§ Required action:
Below are some records. Print exactly the lines between the one holding "Historic Map - Map" and the one holding "(부산=연합뉴스) 진연수 기자", inclusive, and nothing else.

§ Provided entries:

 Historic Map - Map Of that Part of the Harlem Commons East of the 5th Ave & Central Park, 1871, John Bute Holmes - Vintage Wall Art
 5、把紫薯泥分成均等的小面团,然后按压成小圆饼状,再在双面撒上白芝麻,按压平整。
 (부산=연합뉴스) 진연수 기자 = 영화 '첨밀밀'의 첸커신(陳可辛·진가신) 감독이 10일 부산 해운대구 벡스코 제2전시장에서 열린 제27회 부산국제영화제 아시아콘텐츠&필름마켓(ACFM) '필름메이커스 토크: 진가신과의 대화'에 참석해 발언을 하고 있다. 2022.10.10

---

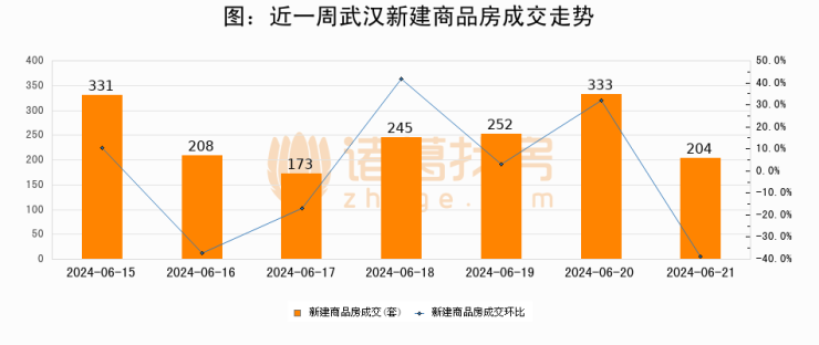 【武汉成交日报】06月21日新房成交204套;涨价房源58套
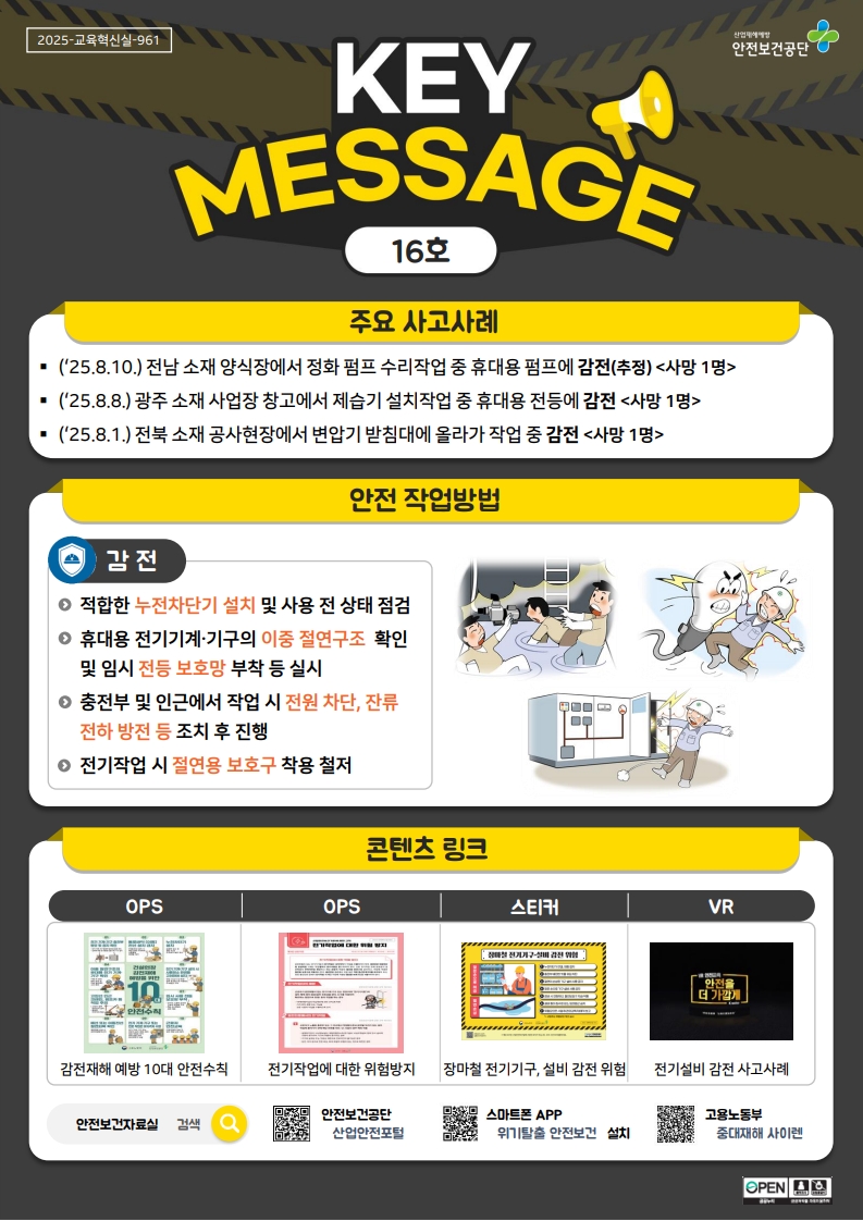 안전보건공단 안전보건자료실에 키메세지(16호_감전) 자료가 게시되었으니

§ Exercise result:
 Historic Map - Map Of that Part of the Harlem Commons East of the 5th Ave & Central Park, 1871, John Bute Holmes - Vintage Wall Art
 5、把紫薯泥分成均等的小面团,然后按压成小圆饼状,再在双面撒上白芝麻,按压平整。
 (부산=연합뉴스) 진연수 기자 = 영화 '첨밀밀'의 첸커신(陳可辛·진가신) 감독이 10일 부산 해운대구 벡스코 제2전시장에서 열린 제27회 부산국제영화제 아시아콘텐츠&필름마켓(ACFM) '필름메이커스 토크: 진가신과의 대화'에 참석해 발언을 하고 있다. 2022.10.10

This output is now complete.